Flowchart 3: How user authority to an object is checked
The steps in Flowchart 3 are performed for the individual user profile.
Description of Flowchart 3: Check user authority
- The system determines if the user profile has *ALLOBJ authority. If the profile does have *ALLOBJ authority, then the profile is authorized. If it does not have *ALLOBJ authority, then the authority checking proceeds to Step 2.
- The system sets the authority of the object to the equal the original object. The authority checking proceeds to Step 3.
- The system checks the owner authority. If the authority is insufficient, then it proceeds to Step 8. If no authority is found, then it proceeds to Step 4.
- The system completes a fast path authority check of the original object. (Refer to Flowchart 5). If authority is insufficient, then authority checking proceeds to Step 5.
- The system determines if the object has private authorities. If it does, then the authority check proceeds to Step 6. If there are no private authorities, then the authority checking goes to Step 7.
- The system checks for private authorities with the user profile. If the authority is sufficient, then the user is authorized. If authority is not sufficient, then the authority checking proceeds to Step 8. If no authority is found, then the authority checking proceeds to Step 7.

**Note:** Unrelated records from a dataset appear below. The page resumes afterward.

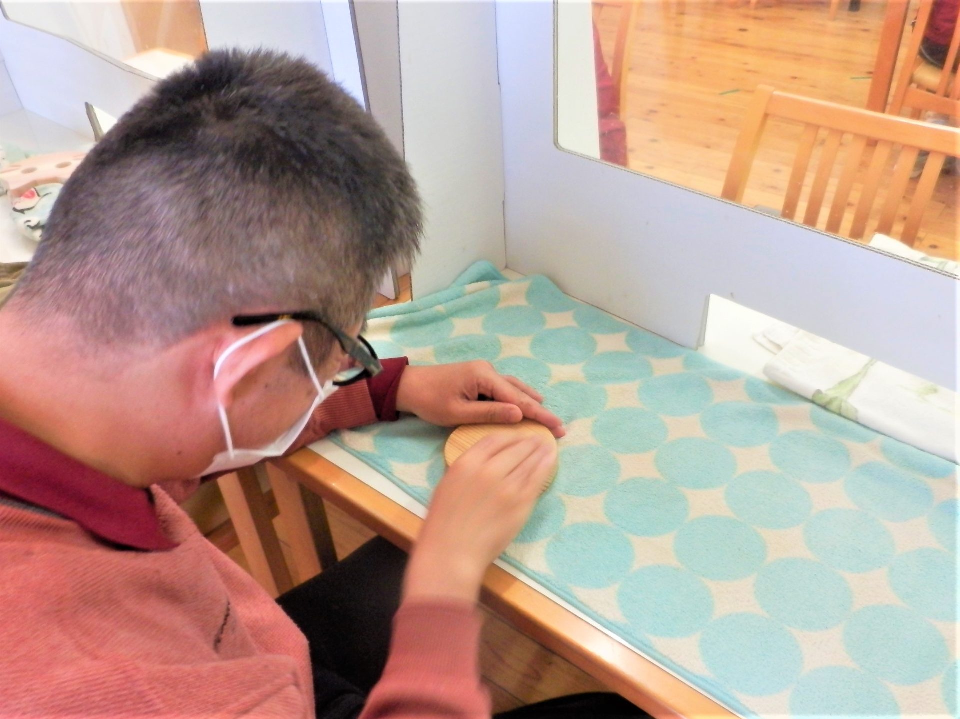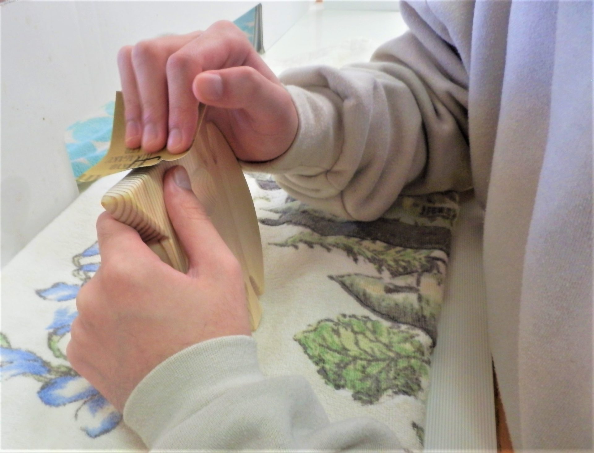 木工班はホールでモクモクとヤスリがけ~♪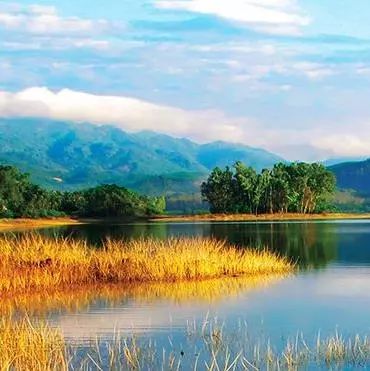 這里湖水清澈,碧波蕩漾,環湖青山起伏,風景如畫。
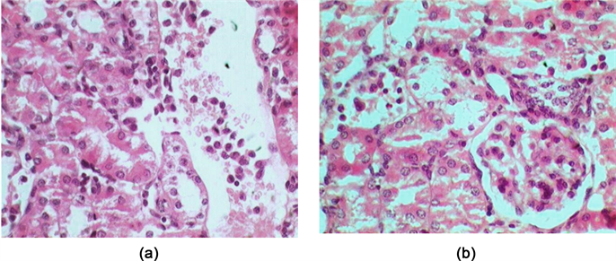 Kidneys of mice showed degeneration, necrosis and desequmoated epithelial cells of renal tubules combined with congestion and mononuclear cells infiltration (Figure 4(a) and Figure 4(b)). Moreover, emphysema, peribronchial congestion as well as various degree of mononuclear inflammatory cells infiltration were seen in lungs of mice (Figure 5(a) and Figure 5(b)).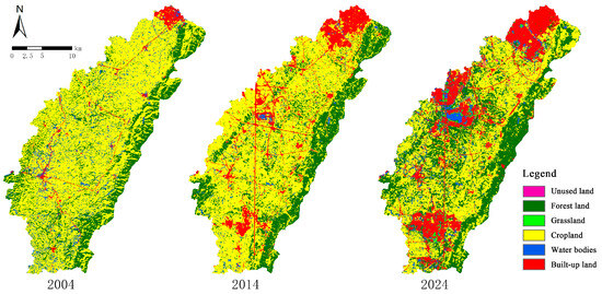 Land-use classification of the Luxi River Basin (2004, 2014, and 2024).

- The system determines if the object is secured by an authorization list. If it is not, then the authority checking proceeds to Step 8. If it is secured by an authorization list, then the authority checking proceeds to Step 9.
- The system sets the object to test equal to the original object and returns to the calling flowchart with insufficient authority or no authority found.
- The system sets the object to test equal to the authorization list and returns to Step 3.